Cordoba is Argentina's second largest city with a very large student population, but there doesn't seem to be a whole lot to do apart from looking at yet more churches, so we decided to create our own fun the first night there.
A little known quirk of Argentinian culture are the so called hoteles por hora, though most charge for at least two. We found this out in the Lonely Planet which has a nice boxed section on it in the Cordoba section. Here is how it works: you drive up to the place (usually along a main road with Las Vegas style signs to lure you in) and a number flashes on the board, this is the number of your room. Once you get there, you drive into the garage and close the door behind you before entering the actual hotel room. In a few minutes someone comes to a tiny sliding door in the wall, takes your money and lets you get on with it. Anonimity is the name of the game. The room is very much like your average crumbling four star Hilton room except that this one has a jacuzi in the corner and the you-know-the-kind TV chanels are included in the price, a nice touch. Surprisingly absent, though, was the bible in the bedside cabinet. The Gideons must not know about these places yet.
I have no doubt some end up taking paid guests there too, but according to our guide on the next day's trip it is a social service. The idea is that it gives couples still living with their respective parents somewhere to turn, though the Lonely Planet thinks it is mainly for secretaries trying to work their way up the corporate ladder during the siesta. So probably a bit of both.
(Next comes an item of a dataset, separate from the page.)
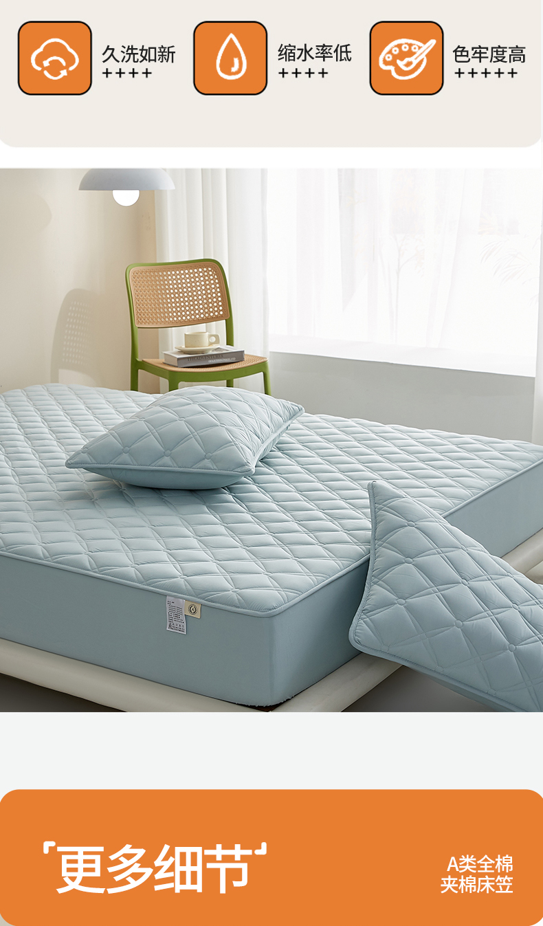 商品名称:红淳家纺 2025新款A类抗菌全棉夹棉轻奢款床笠单品床笠床笠单件 全棉轻奢-水绿

The next day we went for a hike in Argentina's newest national park, the Parque Nacional Quebrada del Condorito, quite a baren landscape, but an important breeding ground for the endangered Andean Condor. It is about an 8K hike to the canyon where the Condors actually breed, through an area that should be densly forrested, but as in so many places, we humans have selfishly seen to that problem. Even though it wasn't quite mating time, we did manage to see some of these majestic birds before the clouds rolled in.
Much of the return hike, via a slightly different route, we were covered in the clouds, not being able to see more than 10 meters in front of us, which was quite cool, in both senses of the word. It being quite chilly did mean nobody - including yours truly - was up for the refreshing dip in a wide pool in one of the rivers.
After Cordoba, we were off to La Cumbre. Suposedly a hotbed of outdoor activity, but to us it seemed more like a nice place to chill. Yes, you could rent mountain bikes, but there weren't any real trails, just dirt roads from town to town and people there seemed to know only one hiking trail, but it was quite a nice one so we took it. Up the hill from the town was a rather large statue of the popular fiction character Jezus Christ, and that was where the trail started. There was also where we met up with our guide, a friendly stray dog who seemed to know the trail and led us all the way.
Not long after setting off, we entered a field with some donkeys. They didn't bother too much with us, but the dog decided to get their attention. He succeeded and they started to follow him when he came back to us, so now we had one guide and three fellow travellers. They followed us down the hill, over a rock wall and even over the creek. We thought we'd never lose them until we came to a house being built and for no obvious reason they decided they had come far enough and stayed there while we and the dog carried on.
He ended up following us all the way to town, staying with us for lunch and despite our best efforts at distracting him with some food while we hurried off, he even followed us to the hostel. Lucky for us, there he was ahead of us while we turned into lane leading up to the house and while he followed us up outside the fence, he never found the way in.
There is a lot more to see in the Central Sierras, but most of them are pretty far out of they way and take more time to get to than you have to enjoy being there if you are on a short trip like ours. So we decided to skip town to a place where those things would be easier: Bariloche in Argentinia's Lake District. First we had to go back to Cordoba and then find another bus to take us the 23 hours south, which didn't prove all that difficult or uncomfortable as it sounds. Fortunately, the sound system in the bus was busted so we got to enjoy Scary Movie 4 in silence with only Spanish subtitles, which is probably the best - if not only - way to enjoy it.
So here we are, in the lake district. I'll have to give you a quick flashback later because we are already about to leave this place. Tomorrow, we hop over the border into Chile, to their side of the Lake District and a town called Pucón.